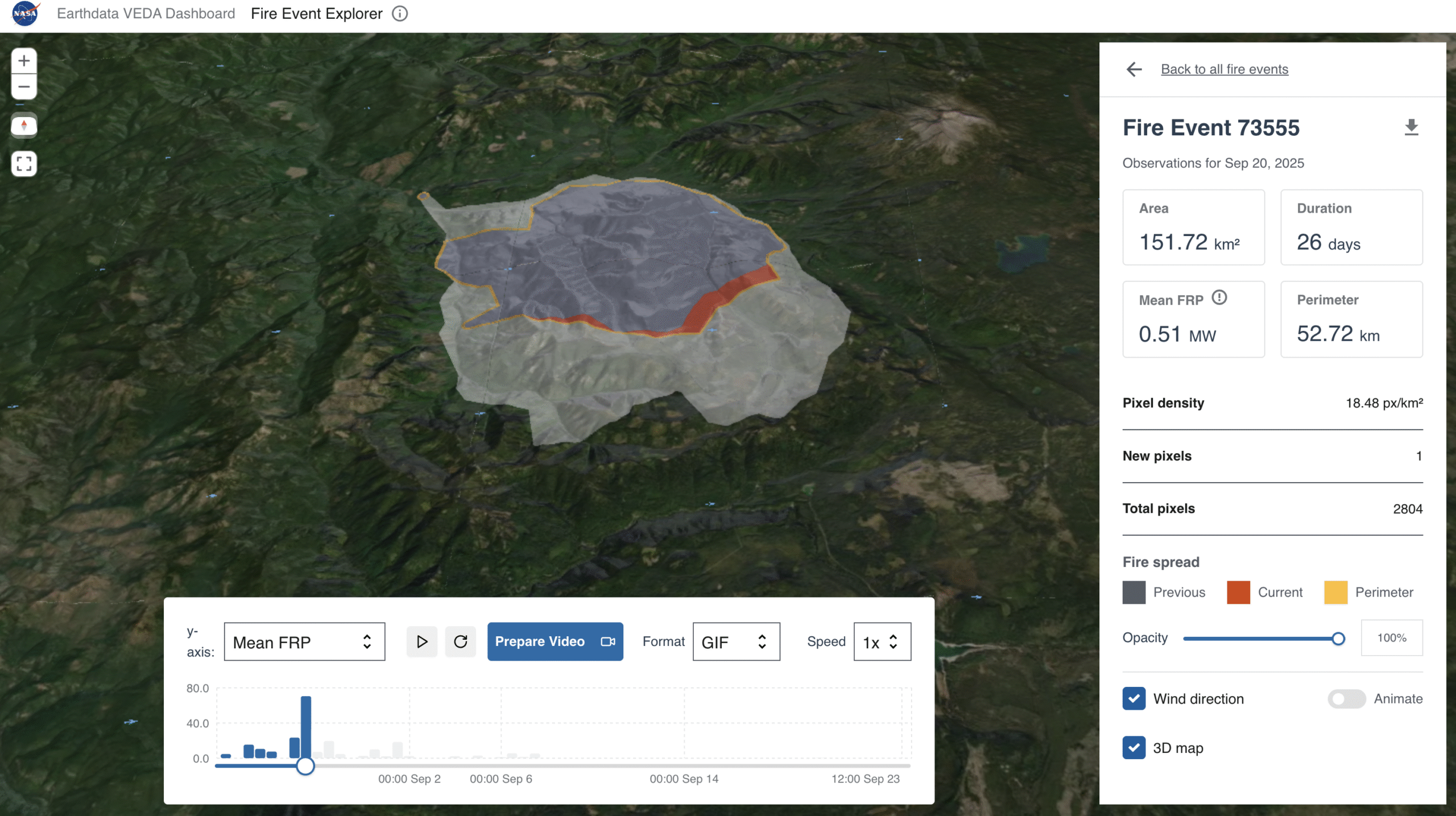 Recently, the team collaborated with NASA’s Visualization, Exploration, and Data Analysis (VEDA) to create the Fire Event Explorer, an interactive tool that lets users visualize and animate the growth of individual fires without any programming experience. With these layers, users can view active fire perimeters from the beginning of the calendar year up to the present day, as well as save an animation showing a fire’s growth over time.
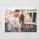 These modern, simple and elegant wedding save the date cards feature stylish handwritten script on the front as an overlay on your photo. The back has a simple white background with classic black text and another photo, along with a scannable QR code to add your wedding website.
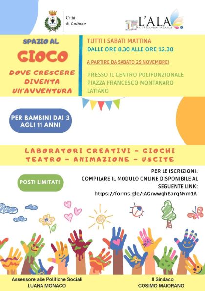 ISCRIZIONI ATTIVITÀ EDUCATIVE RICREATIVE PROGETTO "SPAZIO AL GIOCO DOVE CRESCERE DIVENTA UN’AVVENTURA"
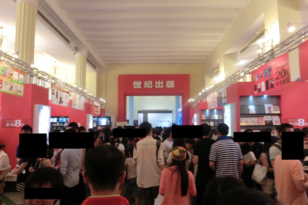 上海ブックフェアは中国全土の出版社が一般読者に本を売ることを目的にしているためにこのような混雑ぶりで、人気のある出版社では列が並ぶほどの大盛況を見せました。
*-*-*
WHAT YOU NEED TO DO: Omit the pictures and write out exactly the lines from the one containing "ISCRIZIONI ATTIVITÀ EDUCATIVE" through the last line of the material.

EXERCISE SOLUTION:
 ISCRIZIONI ATTIVITÀ EDUCATIVE RICREATIVE PROGETTO "SPAZIO AL GIOCO DOVE CRESCERE DIVENTA UN’AVVENTURA"
 上海ブックフェアは中国全土の出版社が一般読者に本を売ることを目的にしているためにこのような混雑ぶりで、人気のある出版社では列が並ぶほどの大盛況を見せました。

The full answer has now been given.